HOLTVILLE — Though the Holtville City Council race for three open seats featured two two-term incumbents, it appeared most voters here cast their ballots in favor of a recently appointed council member and a political newcomer.
The council race also marked the first time in eight years that incumbents had faced any challengers.
Councilman Mike Pacheco, who was appointed in 2019 to fill a vacancy on the council, held a strong double-digit lead through the night and finished with 35.65 percent, or 559 votes, of the 1,568 total votes cast among 806 ballots.
Unofficial election results also strongly suggest political novice Murray Anderson will be replacing two-term councilman James Predmore, who currently serves as mayor. Anderson amassed 25.13 percent, or 394 votes total by the county’s updated tally at 5 p.m. Wednesday, Nov. 4.
The night’s third-place finish went to two-term incumbent council member Virginia “Ginger” Ward, who pulled in 350 votes, or 22.32 percent, according to county Registrar of Voters’ unofficial results.
Pacheco said his time on the council to date and his previous two years on the city’s Planning Commission likely helped sway voters in his direction. His decision to campaign door-to-door in the tight-knit city’s two precincts in advance of the election may have also provided him an electoral boost.
“A couple of the residents said I was the only one walking the streets,” Pacheco said Tuesday, Nov. 3.
With his return to the council all but assured, Pacheco’s priorities are to maintain a balanced budget and fiscal solvency. The longtime Imperial Irrigation District water manager and Holtville resident said the knowledge he has gained during his time with the commission and the council will continue to help him and the city going forward.
“Having that experience definitely helps,” Pacheco said.
As Anderson watched the election results come in on Nov. 3, he said he reserved any celebratory mood until he was able to attain about 500 votes. That figure represented the approximate number of votes the top three vote-getters had obtained during the 2018 City Council election.
The political newbie, and home health coordinator for El Centro-based AccentCare Home Health, ultimately fell short of that goal.
“I think we saw in a lot of county elections that people just want change and a different voice,” Anderson said Nov. 4. “Maybe this is Holtville’s voters’ way of getting a different voice in.”

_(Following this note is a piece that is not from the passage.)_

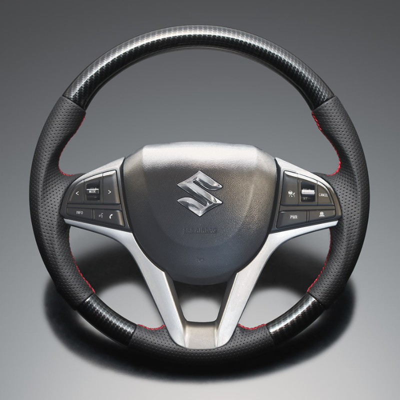 高品質の証ユーロステッチ採用 (カーボン調xレッドステッチ) 純正交換ガングリップステアリング ソリオ/バンディット MA46S/MA36S R2/1- LS282
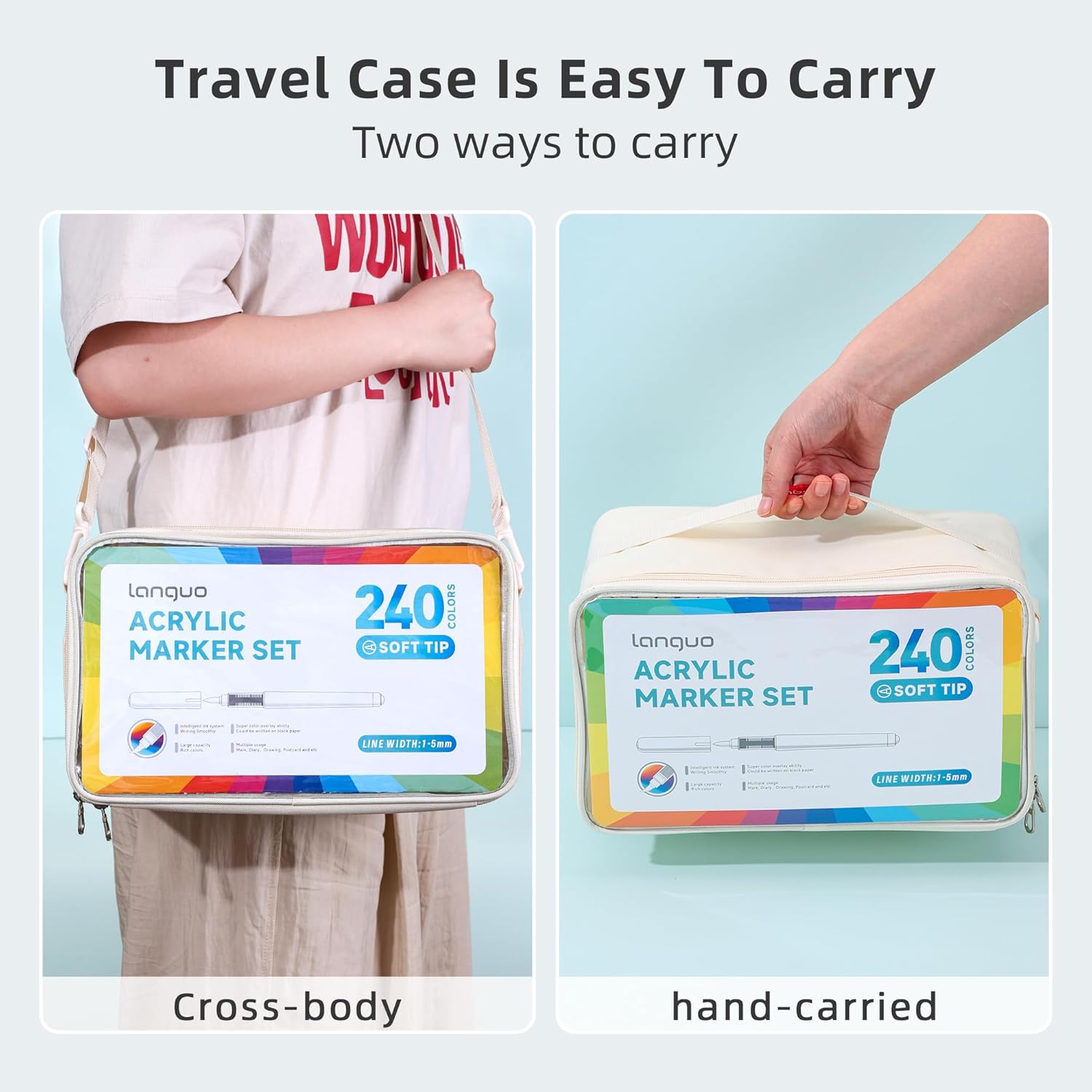 240 Colors Acrylic Paint Markers, Soft Brush Tip Marker Pens Set with Marker Bag, Acrylic Paint Pens for Fabric, Wood, Stone, Canvas, Glass, Egg, Rock Painting, DIY Crafts and Art Supplies

The unofficial results revealed a close margin between Anderson and Ward, who could not immediately be reached for comment.
For his part, Predmore closed the night with 265 votes, or 16.9 percent. Aside from his eight years on the council, Predmore had served a three-year stint with the city’s Planning Commission. Throughout his span of public service, he had only missed a few meetings, Predmore said during the Oct. 29 virtual candidate forum.
The county elections department is not expected to release official election results for some weeks, as it processes an untold number of mail-in and provisional ballots.